In 1846 Wright went to Florida as Superintending Engineer of the construction of Fort Jefferson in the Tortugas and working on projects such as repairs to the St. Augustine seawall, and improvements to the St. John’s River. On February 28, 1848 Wright was promoted to First Lieutenant n the Engineers. He became Superintending Engineer building Fort Taylor and the Navy Coal Depot at Key West in 1854-55.
On July 1, 1855 Wright was promoted to Captain in the Engineers for 14 years of service. He moved to Washington, D.C. and became Assistant to the Chief Engineer. He served as a Member of the Board for arranging details of Iron Carriages and Platforms for Sea-coast Guns in 1860, He was also part of a Board for testing and reporting on the qualities of the 15‑inch gun.
Early Civil War
When Virginia seceeded from the Union in April of 1861 Wright became Chief Engineer of the Expedition that was sent to destroy the Gosport Navy Yard at Norfolk. He was briefly captured, but released four days later since Virginia had not yet joined the Confederacy.

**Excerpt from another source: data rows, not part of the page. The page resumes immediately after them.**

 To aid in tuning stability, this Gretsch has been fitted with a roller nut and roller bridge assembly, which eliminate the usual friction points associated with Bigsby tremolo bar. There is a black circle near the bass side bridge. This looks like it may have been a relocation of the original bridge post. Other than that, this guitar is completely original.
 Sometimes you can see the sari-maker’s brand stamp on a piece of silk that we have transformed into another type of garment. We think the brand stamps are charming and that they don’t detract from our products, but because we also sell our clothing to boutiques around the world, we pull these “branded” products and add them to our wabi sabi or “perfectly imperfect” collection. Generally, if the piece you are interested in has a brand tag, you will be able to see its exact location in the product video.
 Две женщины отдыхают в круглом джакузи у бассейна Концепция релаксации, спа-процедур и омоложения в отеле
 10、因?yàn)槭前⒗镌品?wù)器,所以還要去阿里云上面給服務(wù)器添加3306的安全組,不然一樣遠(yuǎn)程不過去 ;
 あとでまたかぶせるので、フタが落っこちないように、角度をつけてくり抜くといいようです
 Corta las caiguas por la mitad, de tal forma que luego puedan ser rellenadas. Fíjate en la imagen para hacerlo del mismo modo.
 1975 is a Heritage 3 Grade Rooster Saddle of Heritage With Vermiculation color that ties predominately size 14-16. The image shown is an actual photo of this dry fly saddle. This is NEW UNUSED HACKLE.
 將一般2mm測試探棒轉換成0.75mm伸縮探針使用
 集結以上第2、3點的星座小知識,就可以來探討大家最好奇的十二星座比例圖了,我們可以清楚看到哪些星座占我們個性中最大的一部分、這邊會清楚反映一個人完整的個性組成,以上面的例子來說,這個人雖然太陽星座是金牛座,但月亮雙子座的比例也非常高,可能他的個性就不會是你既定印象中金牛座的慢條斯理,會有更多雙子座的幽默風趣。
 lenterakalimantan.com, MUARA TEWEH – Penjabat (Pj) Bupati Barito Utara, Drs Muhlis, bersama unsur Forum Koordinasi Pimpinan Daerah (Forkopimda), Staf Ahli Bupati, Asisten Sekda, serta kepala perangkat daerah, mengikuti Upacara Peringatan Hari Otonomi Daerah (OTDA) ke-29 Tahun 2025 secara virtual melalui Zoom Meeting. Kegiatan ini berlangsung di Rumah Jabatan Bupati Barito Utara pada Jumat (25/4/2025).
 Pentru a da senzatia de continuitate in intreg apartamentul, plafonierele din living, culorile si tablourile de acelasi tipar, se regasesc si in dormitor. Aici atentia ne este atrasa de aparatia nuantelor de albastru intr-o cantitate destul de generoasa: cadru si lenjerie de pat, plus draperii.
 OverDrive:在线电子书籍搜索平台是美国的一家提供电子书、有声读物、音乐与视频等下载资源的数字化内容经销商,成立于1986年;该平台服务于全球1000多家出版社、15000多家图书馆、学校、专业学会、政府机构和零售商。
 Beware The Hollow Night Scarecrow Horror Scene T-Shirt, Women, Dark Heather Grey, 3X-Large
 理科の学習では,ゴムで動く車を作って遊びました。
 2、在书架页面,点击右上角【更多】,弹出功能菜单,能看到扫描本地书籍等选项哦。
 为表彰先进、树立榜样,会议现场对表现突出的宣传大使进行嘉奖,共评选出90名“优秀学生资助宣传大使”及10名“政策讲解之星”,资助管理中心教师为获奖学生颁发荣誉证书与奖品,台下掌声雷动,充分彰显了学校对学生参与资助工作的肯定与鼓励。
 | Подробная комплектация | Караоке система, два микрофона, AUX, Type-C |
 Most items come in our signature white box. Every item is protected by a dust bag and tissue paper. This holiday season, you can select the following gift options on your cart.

Afterwards he turned down the offer of promotion to Major in the newly created 13th United States Infantry Regiment. He chose instead to become a volunteer aide to Brigadier General Heintzelman on May 24, 1861 when he led troops across the Potomac to occupy the Virginia heights overlooking Washington.
From May 25 to July 15 Wright constructed Fort Ellsworth and other fortifications in the Washington Defences. He took part in the First Battle of Bull Run (Manassas) on July 21, 1861 as Chief Engineer of Heintzelman’s Division.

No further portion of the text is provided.